In a time and place where everyone, religious or not, regardless of nationality and origin, become a walking target for religious extremists moved by dogmas.
In a time when for many it is easier to kill than to accept differences.
Thank you for gathering here and defending humanism in a time when far-right nationalists, capitalising on fear and a terrorist threat, spread more hate and discrimination against minorities, especially muslims. Thank you for trying to keep doors and minds open when xenophobes aim for shutting more doors and building walls between us.
In a time when those whom are supposed to be our allies turn their backs as regressive left and leave the criticism of religious extremism to xenophobes, when also, to my personal deep sadness and revolt, some women endorse systems of values created against them with so called religious feminism. I thank you for not giving up the reason and speaking out for humanism.

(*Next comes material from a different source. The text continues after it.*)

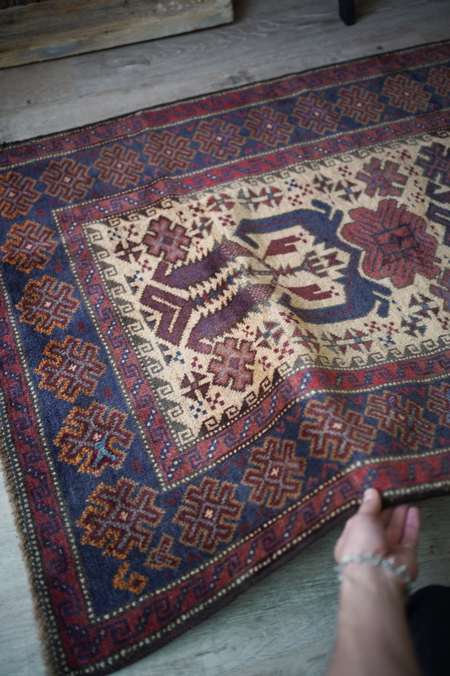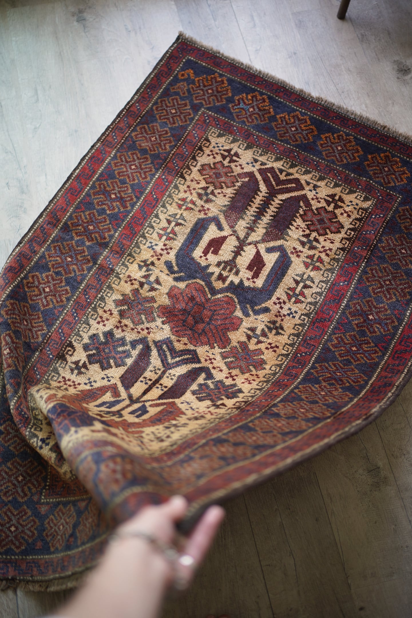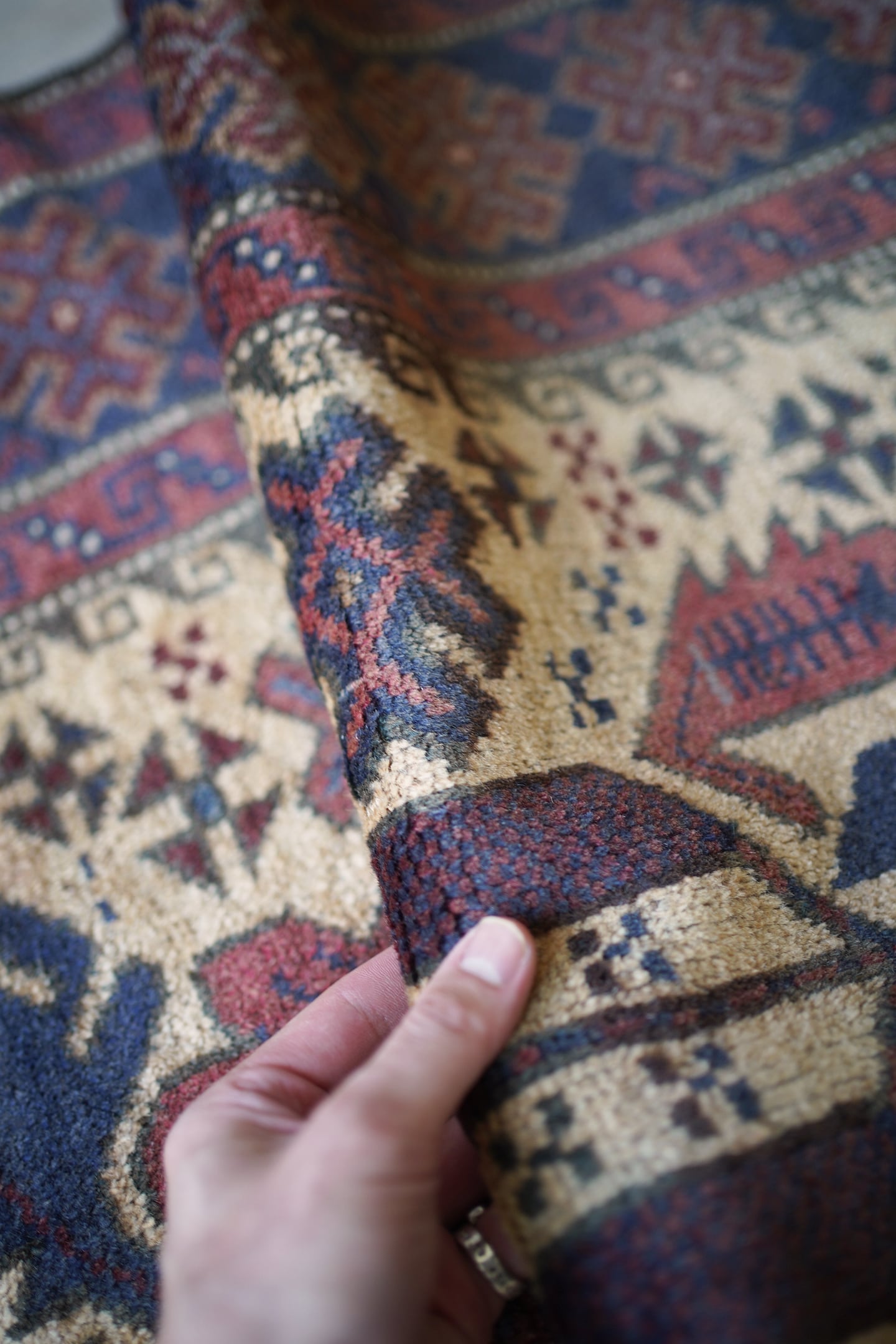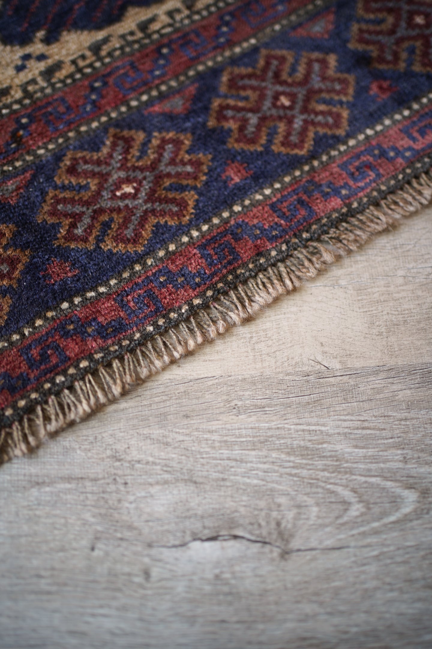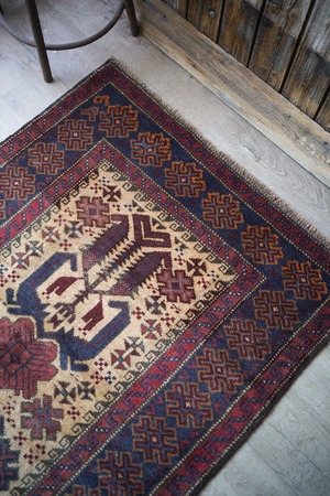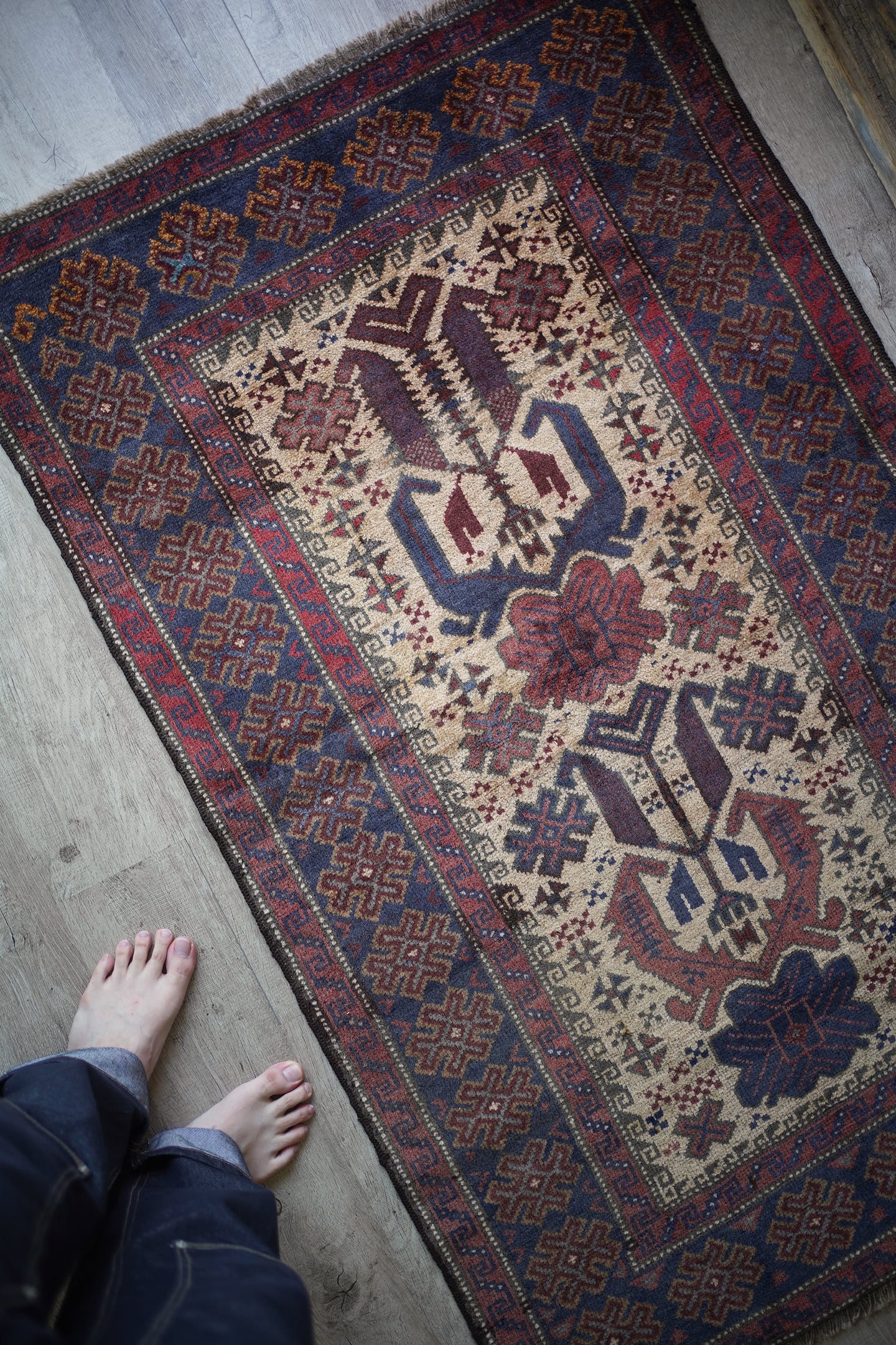 約50年前にバルーチ族によって織られたラグです。ベージュ、ブラウン、薄めのブラックの色構成でTHE ヴィンテージラグ感のある雰囲気が素敵な一枚。表面はふわっと優しい肌触りで、6mmほどの厚みです。目立ったダメージもなく、状態も良好。落ち着いた色味ですので、ご自宅のインテリアにスッと馴染んでくれるかと思います。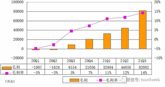 小鹏汽车2021年第三季度毛利为8.2亿元,同比增8倍。小鹏汽车2021年第三季度毛利率达到14%,上年同期的毛利率为5%。

In a time when tools of religious oppression and violence are defended in the name of culture, tradition and, with special cynicism, in the name of liberty and free choice.
In a time when progressive societies give up in front of religious lobbies and sacrifice human rights (and too often it is women’s rights) on the altar of political and religious correctness, I thank you for being a strong opposition to them.
In this time, I thank you for letting me join you in this holy room to celebrate freedom of conscience, it will be the greatest pleasure to burn with all of you in hell!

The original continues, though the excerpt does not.